Write a Story with Me is a group endeavor just for the fun of it.  A different writer adds a new 250 words each week.  It is the ultimate Flash Fiction Challenge!

If you’d like to sign up, come on over.  There’s always room for more!

Here’s this week’s excerpt.  We hope you enjoy!

59—Nicky Wells “Do it now”

From the castle tower, Morath and Jenelle watched the Establishment ship crash into the waves. It floated for a moment but quickly capsized and sank. The other female fae let out a cheer and clapped their hands, sensing victory. As they broke contact with each other, the protective shield over the city collapsed, and the Establishment fleet instantly stepped up its attack.

“This is the end.” Morath spoke quietly as missiles whistled through the air.

“It can’t be,” Jenelle protested fiercely. “The blood sacrifice has been made, we can renew the shield, Janosc had dealt one of their ships a deadly blow, he can do more…”

“It’s not enough.”

A trickle of dread rose up Jenelle’s back. There was a quiet determination about Morath that made her uneasy.

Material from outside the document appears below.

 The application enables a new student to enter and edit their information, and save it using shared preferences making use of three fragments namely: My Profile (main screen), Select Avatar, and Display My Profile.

“Fae,” Jenelle shouted at the top of her voice. “Fae, hold hands and re-forge the shield. Quickly.”

The female fae joined their energies once more. The shield began to form again, but it was fragile and patchy.

Morath rose above them and commanded their attention. “This is the end. This war must finish. Humankind must perish.”

“But Morath—”

“If I perish, humankind will perish with me. It is the only way.” Morath assumed her human form and fell hard on the ground. “Perish me. Perish me as I am now, human and mortal. Do it. Now.”

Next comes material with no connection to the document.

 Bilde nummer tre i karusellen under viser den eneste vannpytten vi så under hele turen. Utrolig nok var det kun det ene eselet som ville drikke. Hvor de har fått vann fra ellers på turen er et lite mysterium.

“Morath, no!” Jenelle wrapped her Queen in a protective embrace. “No,” she sobbed. “Not you.”

“Do it now!” Morath decreed with finality.

Want to read more?  See below for past excerpts.

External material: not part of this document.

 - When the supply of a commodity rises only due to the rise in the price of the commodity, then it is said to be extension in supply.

If you’d like to sign up, come on over.  There’s always room for more!

Parts One – Fifty Click Here

Part Fifty-One – Joe Owens

Part Fifty-Two – Shayla Kwiatkowski

Part Fifty-Three – Jennifer Eaton

Part Fifty-Four – Shan Jeniah Burton

Part Fifty-Five – Jenny Keller Ford

Part Fifty-Six – Susan Rocan

Part Fifty-Seven – Susan Roebuck

Part Fifty-Eight – Elin Gregory

Part Fifty-Nine – Nicky Wells

Don’t forget to stop by next week to see what happens next.

  Vanessa Jane Chapman — TAG!  You are “It”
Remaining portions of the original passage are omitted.